# Goal of the exercise
A verbatim copy of the data is wanted, minus any picture in it.

# Collected data
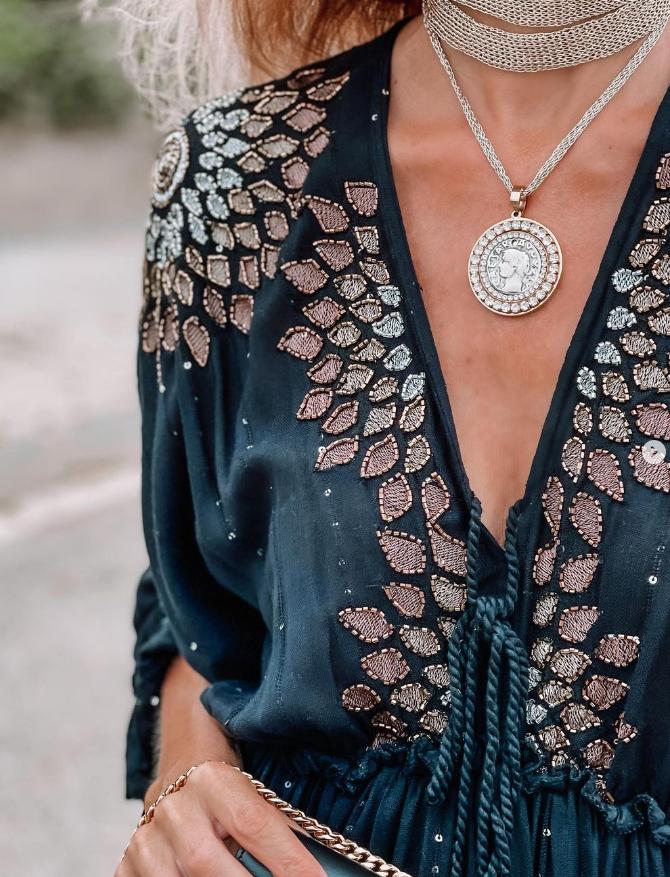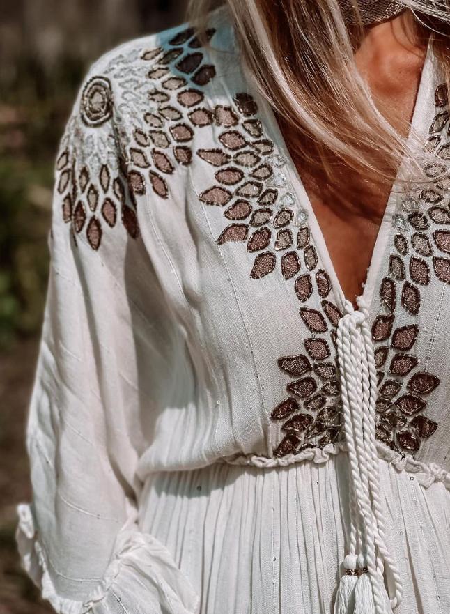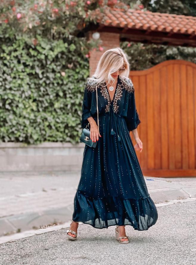 Vestido largo vaporoso con cuello y espalda en V y detalles con abalorios. Lleva forro.
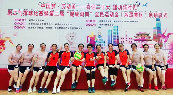 7月9日—10日,市总⼯会和市⽂旅⼴体局联合举办的“中国梦·劳动美——喜迎⼆⼗⼤建功新时代”职⼯⽓排球⽐赛暨第⼆届“健康湖南”全⺠运动会(湘潭赛区)选拔赛在湘潭市体育中心激烈开赛。党委委员、纪委书记齐路良,党委委员、副校长向前前往现场慰问。
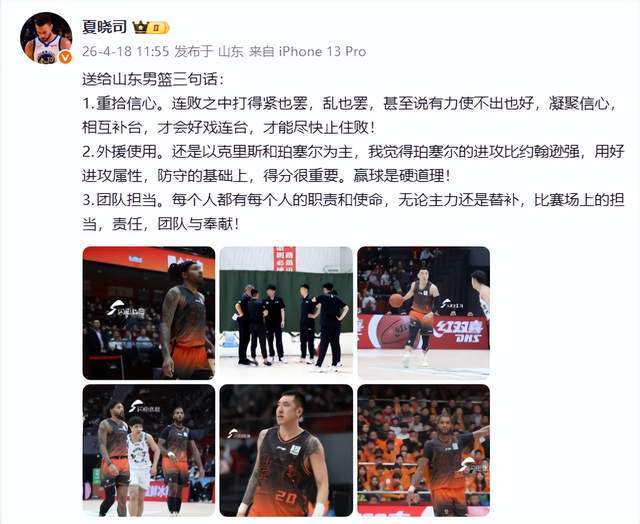 面对滔天质疑,鲁媒名记夏晓司提出三点建议:重拾信心,连败中更需凝聚士气,彼此补台而非相互指责;优化外援使用,以克里斯与珀塞尔为核心,释放其进攻属性,赢球才是硬道理;强化团队担当,无论主力替补,都应明确职责,以奉献精神替代个人主义。
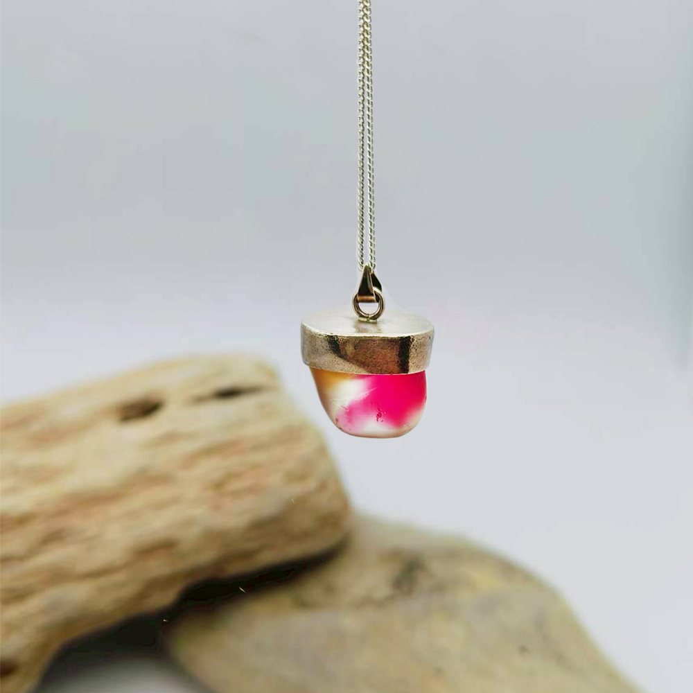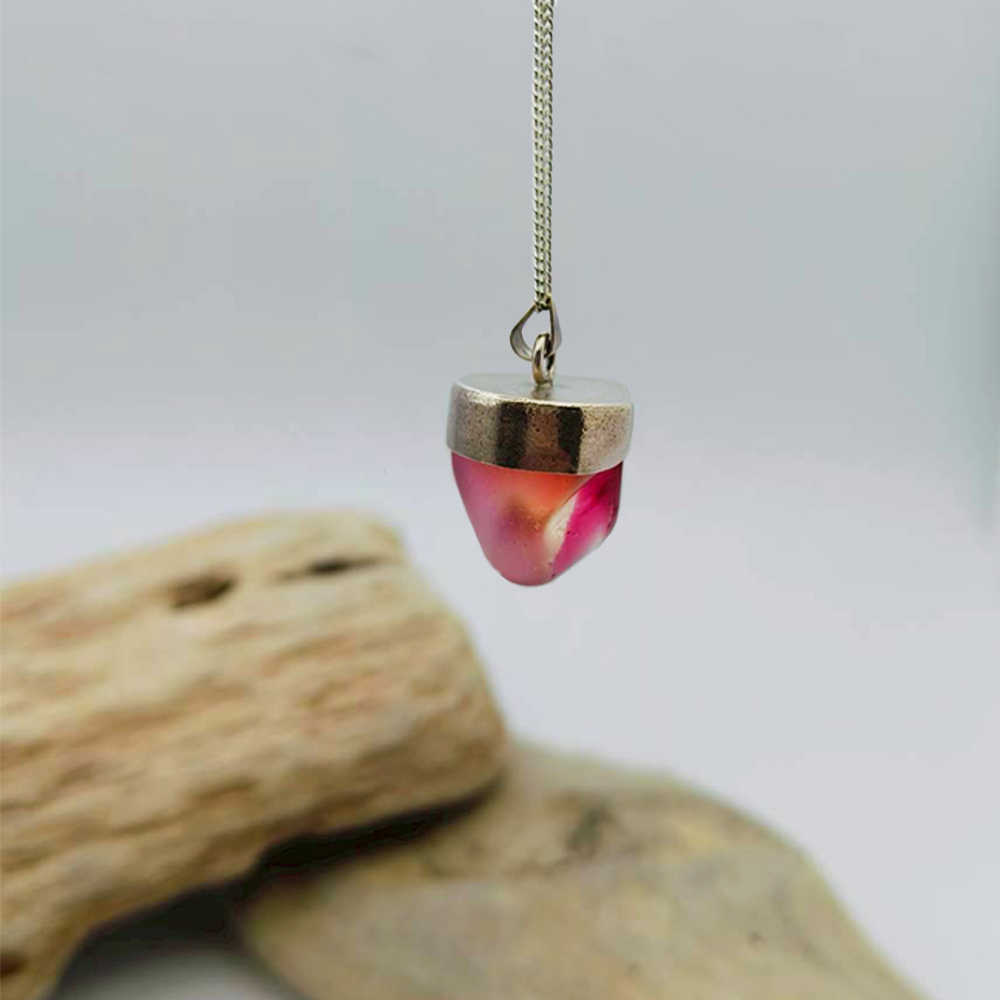 《晨曦玫瑰》|銀包鑲・漸層海玻璃項鍊

# Your solution
 Vestido largo vaporoso con cuello y espalda en V y detalles con abalorios. Lleva forro.
 7月9日—10日,市总⼯会和市⽂旅⼴体局联合举办的“中国梦·劳动美——喜迎⼆⼗⼤建功新时代”职⼯⽓排球⽐赛暨第⼆届“健康湖南”全⺠运动会(湘潭赛区)选拔赛在湘潭市体育中心激烈开赛。党委委员、纪委书记齐路良,党委委员、副校长向前前往现场慰问。
 面对滔天质疑,鲁媒名记夏晓司提出三点建议:重拾信心,连败中更需凝聚士气,彼此补台而非相互指责;优化外援使用,以克里斯与珀塞尔为核心,释放其进攻属性,赢球才是硬道理;强化团队担当,无论主力替补,都应明确职责,以奉献精神替代个人主义。
 《晨曦玫瑰》|銀包鑲・漸層海玻璃項鍊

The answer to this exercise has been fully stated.